O sus’uyordu bana, ben su’suyordum ona. Mesele olarak görmüyordum bu susuşu, vuslata vesile olarak görüyordum.
Bu dakikadan sonra konuşursa bana yazık etmiş olacak sahiden çünkü ben hep ona göre ayarlıyorum kendimi.

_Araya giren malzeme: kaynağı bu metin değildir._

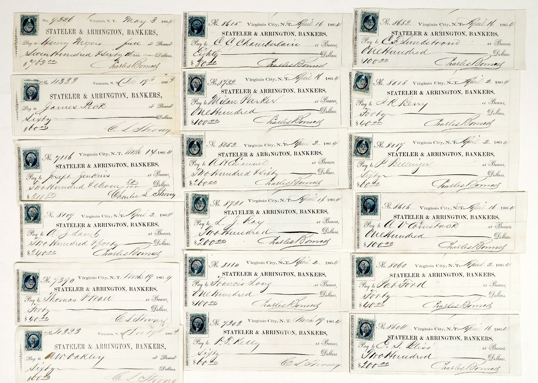 Fantastic group of 18 checks issued to the assay employees of the Gould & Curry Mill in 1864. This mill was built at considerable cost in 1862 and located at the confluence of Sixmile and Sevenmile Canyons. By the end of 1863, approx. $900,000 had been spent. Charles Strong was replaced as supt. by Charles Bonner, and the mill was reconstructed for a cost of $560,000. It used both stamping mills and a variant of the Washoe Pan Process (Veatch Process) along with Spanish style Patio Process. In 1866, it had 80 stamps and a 100-ton-a-day capacity. In 1871, the mill was sold to Parke & Bowie, but shutdown soon after. This collection includes checks to all different employees, all listed in the Collins 1864 directory, including: AW Oakley (previously unknown assayer), ES Bliss (smelter), Joseph Jenkins ("ore shipper"), and then 14 different amalgamator employees. Amalgamation is the process of extracting the gold and silver using mercury. This is a special collection that was assembled from the larger Comstock check archive!
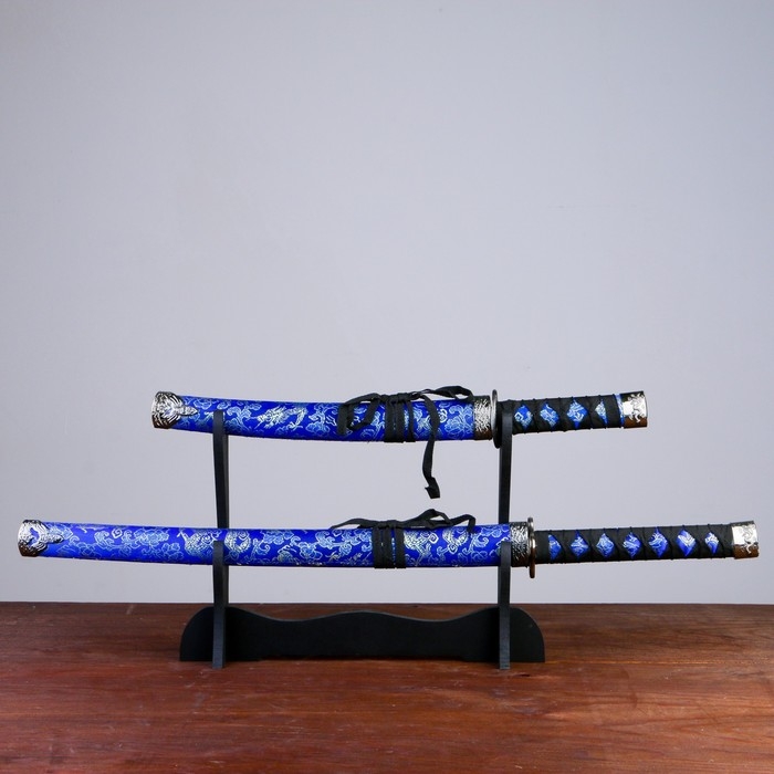 Сув. изделие катаны 2в1 на подставке, ножны ткань, драконы золото на синем 47/70см
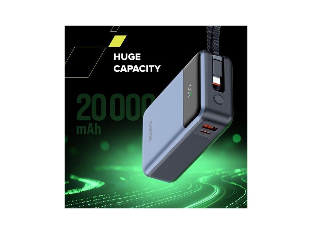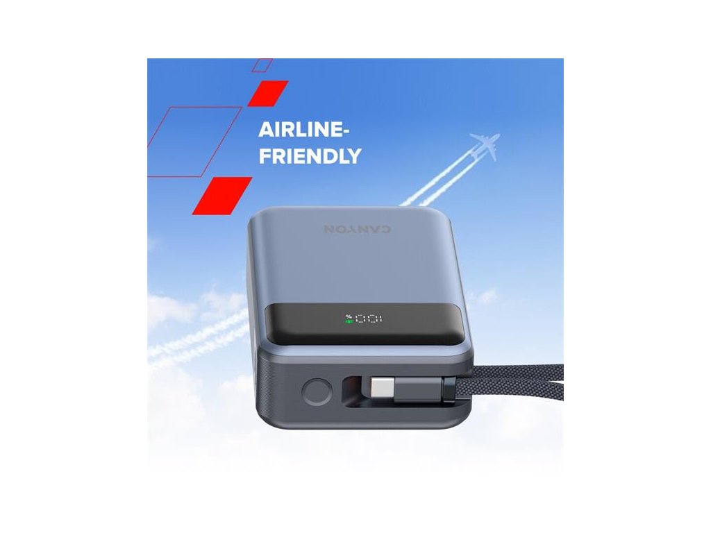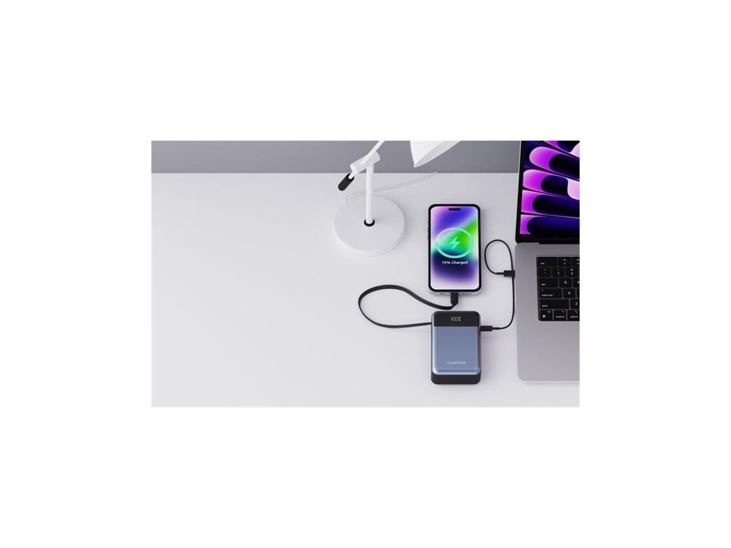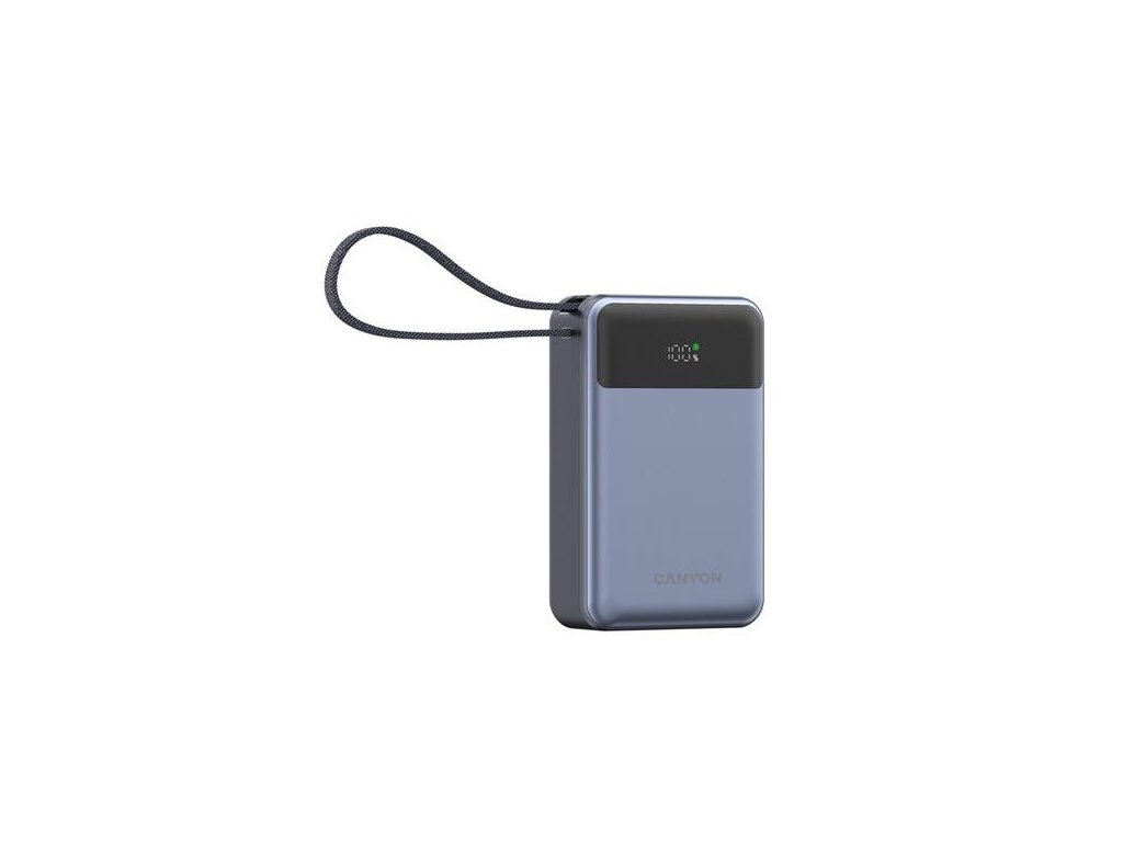 Canyon OnPower 600, Powerbank, 20.000 mAh, displej, in: USB-C, out: USB-C, PD 65W/ USB-A, QC3 22,5W, integr. kábel CNS-CPB600DG
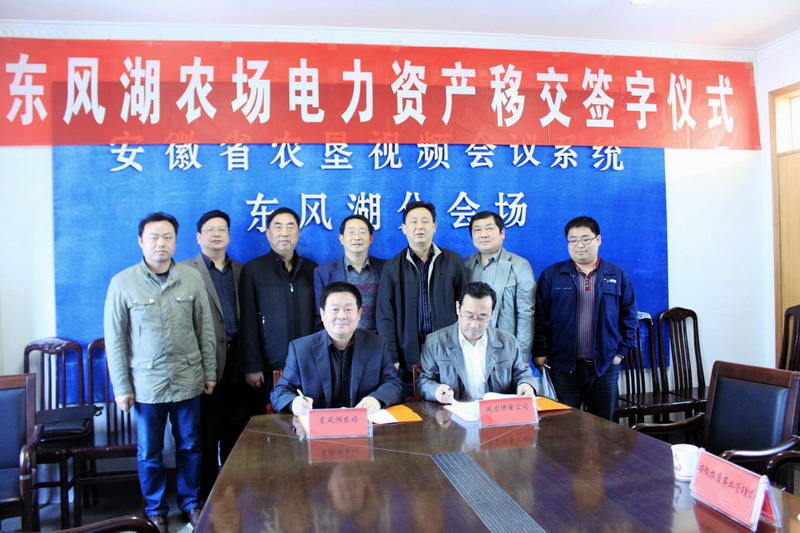 仪式上,大家一致认为,农垦企业电力资产移交地方供电系统,是落实国家惠农政策、减轻农场和职工负担、服务社会主义新农村建设的民生工程和德政工程,有着深远的历史意义和重要的现实意义。多年来凤台供电公司对东风湖农场经济建设作出了积极贡献,农场电力资产移交工作政策性强,操作难度大,双方必须胸怀全局,服从大局,加强领导,精心组织,加强协调沟通,及时互通信息,落实协议内容,抓紧工作推进,同时做好宣传、安全、廉洁自律等工作,把好事办好。农场场长涂玉龙和凤台供电公司党委书记王继平分别代表各方在协议书上签字,标志着东风湖农场电力资产在全垦区率先移交地方供电系统。

O susunca sus’tan bir dünya hayal ediyorum ve onu susarak seviyorum. Aşırıya kaçarak, abartarak…
– Susuşuna hastayım.
-?
– Milyon mana yüklüyorum susuşuna.
-?
– Anlamak istediğim gibi anlıyorum seni o zaman, işime geldiği gibi.
-?
– Yanlış da anlasam bana doğru geliyor inan.
– ?
– Bir güzel susuyorsun ki dünyanın en tatlı melodisi gibi geliyor susuşun.
– ?
– Sen sus, ben okurum gözlerinden aklından geçeni. Anlarım kalbine doğanı. Artık öyle bir hale geldim ki benlikten çıktım, senliğe geçtim. İflah olmaz bir sen hastalığına duçar oldum, ıslah olmaz bir suça aşina oldum.
– ?
– Soru işaretlerin o kadar sorgulayıcı geliyor ki o kadar geveze… Yani konuşsan emin ol bundan daha fazlasını anlatamazdın diye düşünüyorum. Aramamı beklediğinde aramamam, beni görmek istediğinde görememen… İçindeki beni o kadar törpülüyor ki bıçak sırtı gibi oluyor. Bir yanın mavilik diğer yanın karanlık…
– ?
– Kalkıp da konuşmanın bir manası yok. Zahmete girme! Suskunluğuna alıştım konuşmanı yadırgayabilirim. Aşık Veysel de gözlerinin ameliyatla açılma ihtimaline karşı “Bırakın böyle kalsın ben kendi karanlığımda bir dünya kurdum. Bunun yıkılmasına müsaade etmem.” demiştir. Ve bilmediğim bir dünyanın aydınlığı bildiğim bir dünyanın karanlığından daha iyi değil.
– ?
– Sen susuyorsun ama gözlerin konuşuyor, ellerin, dudakların… Her bir uzvunu daha iyi biliyorum böylece. Gözlerin roman yazıyor, ellerin destan yaratıyor, dudaklarınsa yeni bir dünya kuruyor bana. Şimdi kalkıp da senli hangi güzelliğe takılıp kalayım. Gözlerine mi, ellerine mi, dudaklarına mı?
-?
– Beni kaybetmek o kadar kolay ki! Sevme yeter ya da bunu hissettir. Bünyem sevilmeye sevilmeye öyle bir kıvama gelmiş ki sevmeyene karşı alerjik bir tepki yaratıyor. Sen sus bana. Bazı şeyler susarak daha iyi ifade edilir. Kalp daha da dolar aşkla, göz daha da iştiyakla bakar, kollar daha da şefkatle sarılır. Düşünsene konuşmuyorsun ama kalabalığım oluyorsun. Damlasın ama senin suskunluğundan bir okyanus çıkarıyorum. Belki de bir çakıl taşısın ama senin bana lal oluşundan büyük bir kaya kütlesi anlıyorum. Yani benim güzel sevdam seni mübalağalı bir şekilde tasavvur ediyorum. Hayalime sığmıyorsun bu yüzden. Kocaman bir öpücük oluyorsun, sımsıkı bir sarılmak, derin bir bakmak…
– ?
– Sen susunca bana daha muhteşem görünüyorsun. Bir dağın zirvesi oluyor güzelliğin. Büyüdükçe büyüyor gözlerin ve arttıkça artıyor karalığı gözlerinin. Ya kirpiklerin, sanki karşımda bin kişilik bir ordu var da mızraklarını bana doğrultmuş gibi. Saçının her bir teli sanki senin aşkına mahkum olan bir aşığın darağacı gibi. Canım salınıyor saçının tellerinde. Ellerinse beni sensizlik cehenneminden çekip alıyor, tutup o eli öpüyorum durmadan. Ya kolların! Bu dünyada beni sarıp sarmalayan en güzel kollar oluyor.
-?
– Suskunlar ülkesinde konuşan olmak ciddi bir kusurdur sevdiğim. Seni bu aptalca cesareti göstererek ve konuşarak seviyorum.
O kulaklarımı sağır edercesine sus’uyordu bana.
Bense aşkımdan dolayı çöl olmuş dudaklarımla su’suyordum.
Hani şöyle bir dudağımı dayayıp da içebilseydim güzelliğinden çölün nasıl da yeşile büründüğünü görecekti cümle âlem.